The Earl E. Myers Story
Page 1 of 1 Pages
|On arrival at Pease AFB, NH, I was assigned to the 817th Air Division Directorate of Operations. The 100th Bomb Wing, was commanded by Col. Pete Wall. The other Wing, the 509th, was Commanded by Col. "Buck" Buckwalter. My varied duties included monitoring the ground and flight training these wings were accomplishing and serving in a leadership position relating to accident investigations.
Regarding the latter. If an aviation accident occurred, I would head up the operational portion. The first thing on the agenda was to determine what the flight crews activity was before reporting for flight. It was not a pleasant duty to observe the mutilated crew members and body parts hanging in trees and scattered on the ground after an accident.
One accident was a midair collision involving a B-47 and KC-135 tanker off the coast of Greenland. All were lost, It was determined that the flight crew of the B-47 did not have the required crew rest before flight.
Another related to a B-47 take off where the fuel had not been loaded properly, creating a nose high uncontrolled attitude. They came in contact with tall pine trees and the ground. During the accident investigation proceedings it was determined that the crew chief had not used a check list. The flight crew did not discover the unbalanced fuel load prior to departure. Apparently some items were missed on the flight crew check list.

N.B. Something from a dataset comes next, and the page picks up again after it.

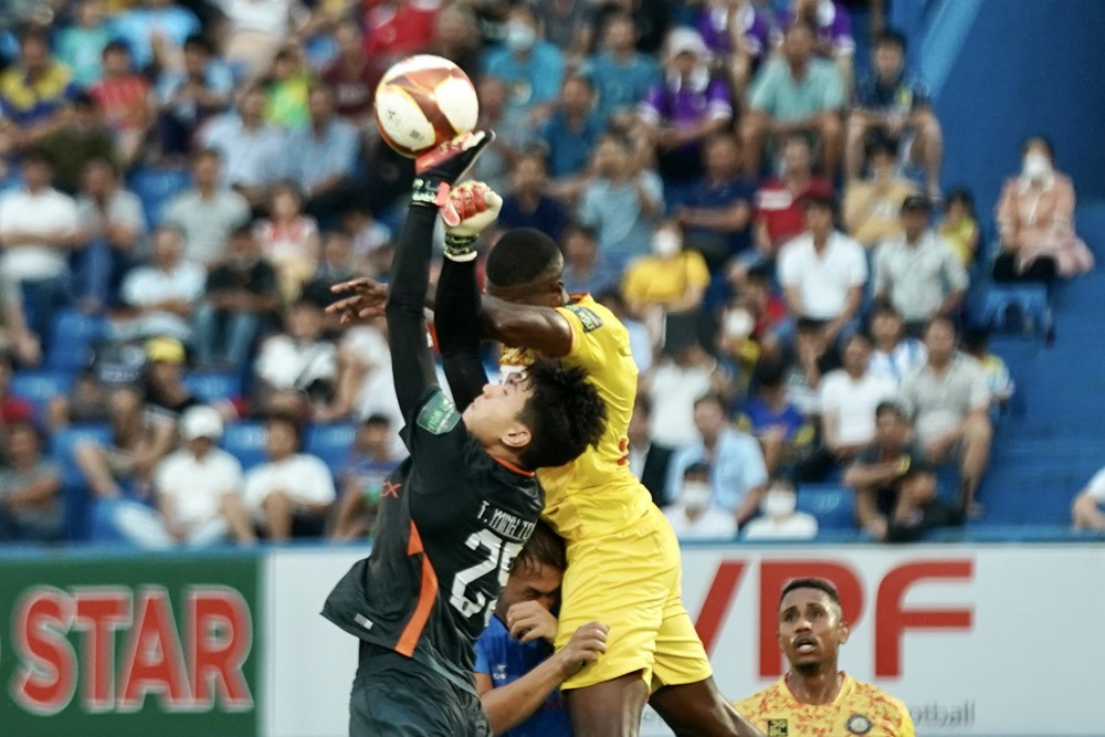 Thủ môn Minh Toàn bên phía Bình Dương có hai pha cản phá xuất sắc trước những cú dứt điểm của Thái Bình và Gustavo Santos trong vòng cấm.
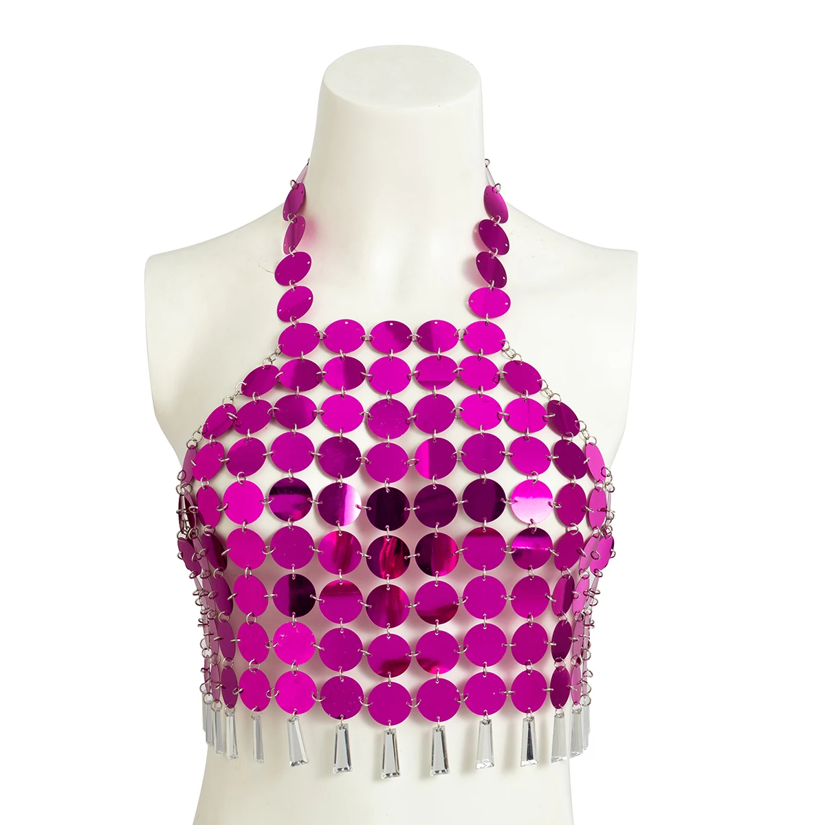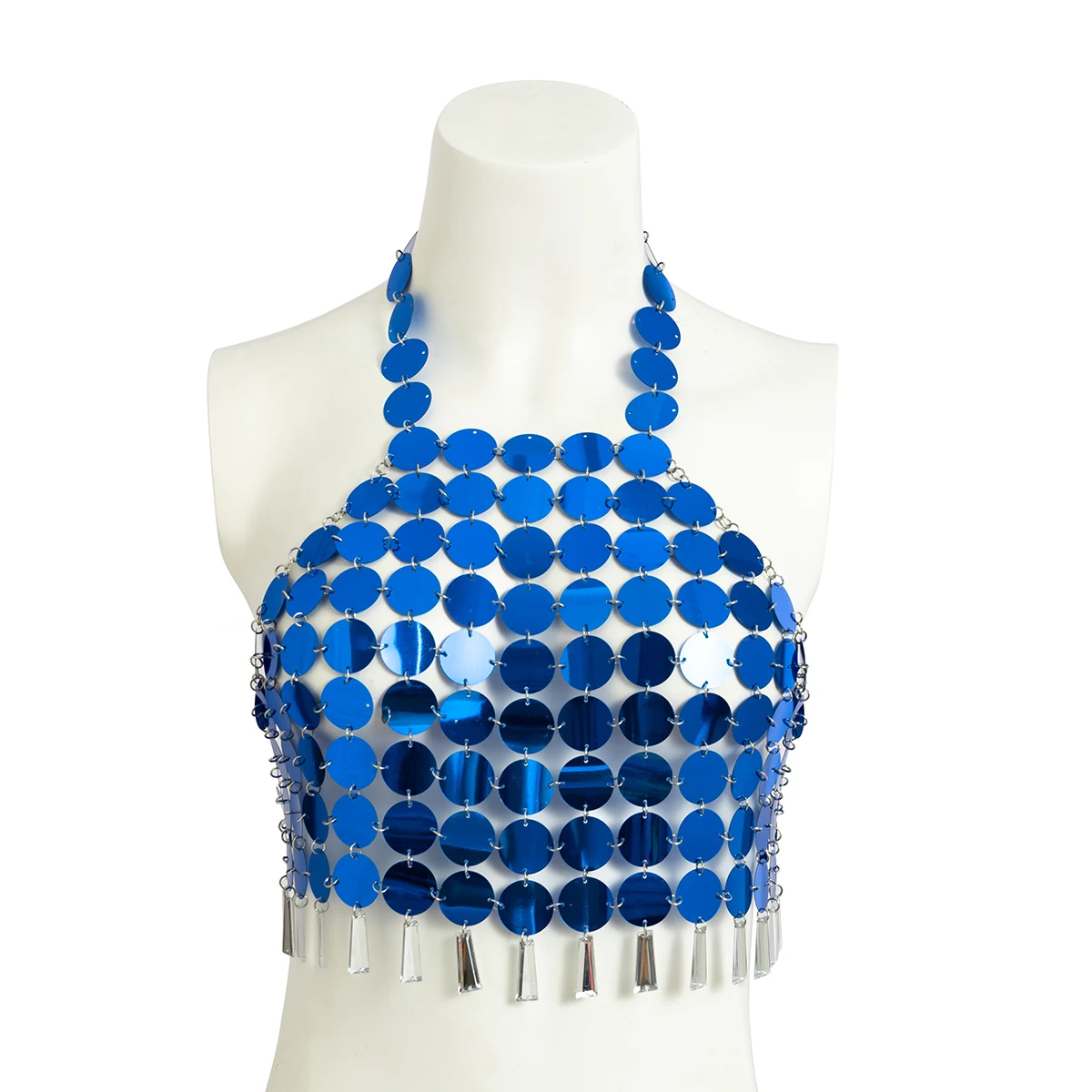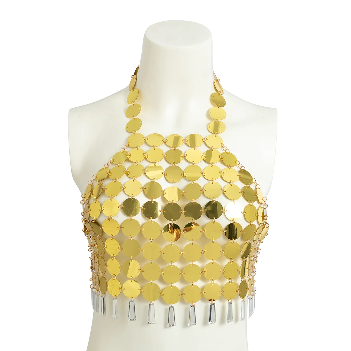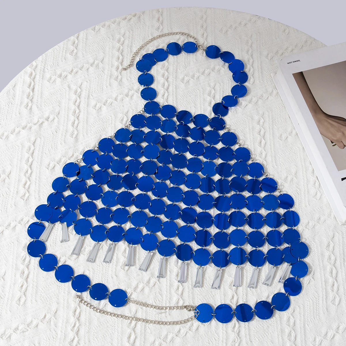 Sexy Sequins Hanging Neck Bra Top Chest Chain Women Summer Beach Crystal Tassel Pendant Body Festival Y2K Jewelry

Another accident that happened was during snow removal. An Airman was missing from his duty station at sunup. A ramp check was being conducted to determine if more snow removal was required. A snow bank with red coloring, scattered throughout, was noted. The airman had accidentally been sucked into the blower of the snow removal equipment. It might be noted that it was often so cold that a few personnel would violate orders or a regulation so that they could be thrown into the slammer where it was warm. There they could watch color TV and have hot coffee and food.
Monitoring the conditions of the Combat Alert Force was also one of my duties, making sure that the crew's were comfortable and fully ready to perform their alert launch duties.
I did have opportunities to keep up my own flying proficiency. On one of my flight departures, I was climbing out on a predetermined heading which took me over Kenneybunkport, Maine. For reasons unknown, the right wing tank jettisoned and fell into the Atlantic Ocean. I returned to Pease AFB and, and at a low altitude, burned off fuel to bring us down to a safe landing weight. This accomplished, we made a safe and successful landing.
On other occasions I made several flights to England to inspect the operational conditions of our alert flight crews that were on TDY to Brize Norton and Upper Hayford Airbases. Written reports to the 8th Air Force Headquarters were required.
This assignment would prove to be my final one for the USAF. From a family standpoint, we had mixed feelings about living in that area. Pease was located in New Hampshire, near the Atlantic Ocean. The water was about 65 degrees in the summer. Diving for lobsters was one of our more memorable and relaxing family pursuits. By this time, I had accumulated 25 years of active service, 9,984 military flying hours, and could choose retirement at any point from here on. The experiences I had accumulated were priceless, but I had the strong feeling that it was time for me to move on. Retirement was in order. I soon had filed the necessary retirement papers and was ready to pursue some "New horizons".